Telstra registered a 14% increase in brand value to US$12.4 billion in 2017, retaining the title of the most valuable telecoms brand in Australia and climbing one spot to 13th place globally in the Brand Finance Telecoms 300 rankings.

According to Brand Finance Australia, the strength of the brand contrasts with the decline in Telstra’s market value of 21%, highlighting the “ever increasing role of the brand in the organisation’s overall business strategy”.

“Telstra continues to perform exceptionally well across a number of brand attributes, and is now reaping the benefits of its customer-focused investments,” said Mark Crowe, managing director, Brand Finance Australia.

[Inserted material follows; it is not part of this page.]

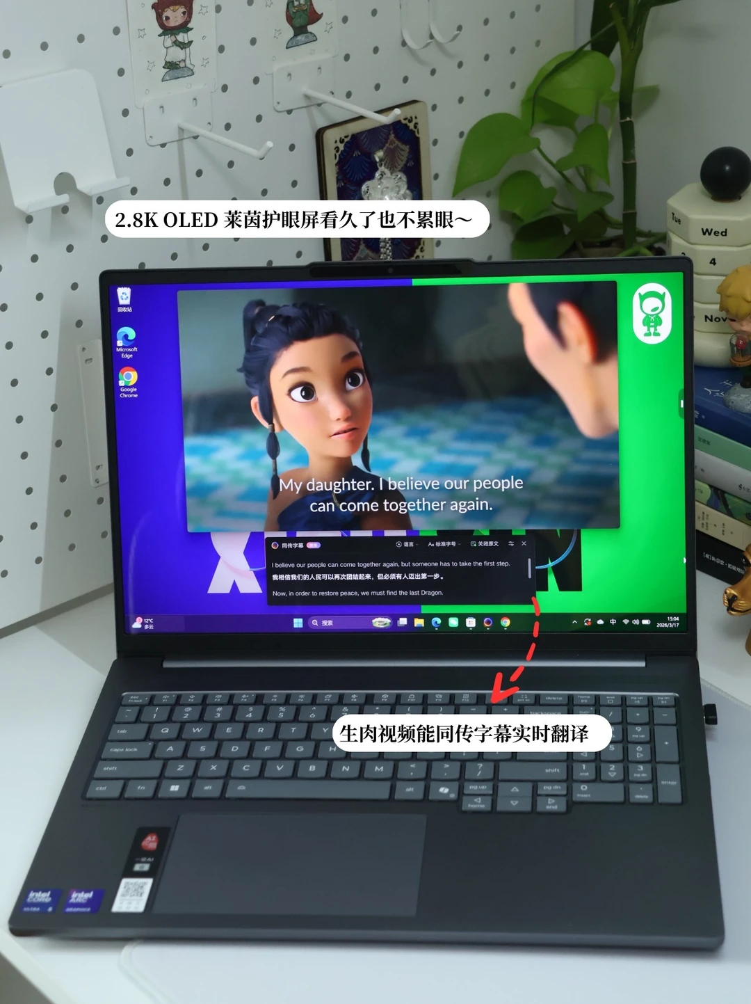 ②1.43kg 薄至 15.5mm 塞书包无压力,92.5Wh 大电池上一天课也够用,2.8K OLED 莱茵护眼屏看论文久了也不累眼;图书馆里用它,静音散热完全不打扰别人

“Telstra has formally launched a 5G Innovation Centre on the Gold Coast to house tests of new technology based on the emerging next-generation wireless standard and we look forward to the formal rollout of its 5G services in 2019.”

In the Asia Pacific region, Brand Finance says the biggest success story from China in the 300 league table is China Telecom which saw a 36% growth to its brand value, rising through the ranks to 7th place this year, from 10th last year.

The China Telecom brand is now valued at almost US$24.0 billion as the company steps up efforts towards 5G deployment, with plans to run a phased testing period for capacity and performance of 5G networks across six cities from 2017 to 2019 before launching commercially in 2020.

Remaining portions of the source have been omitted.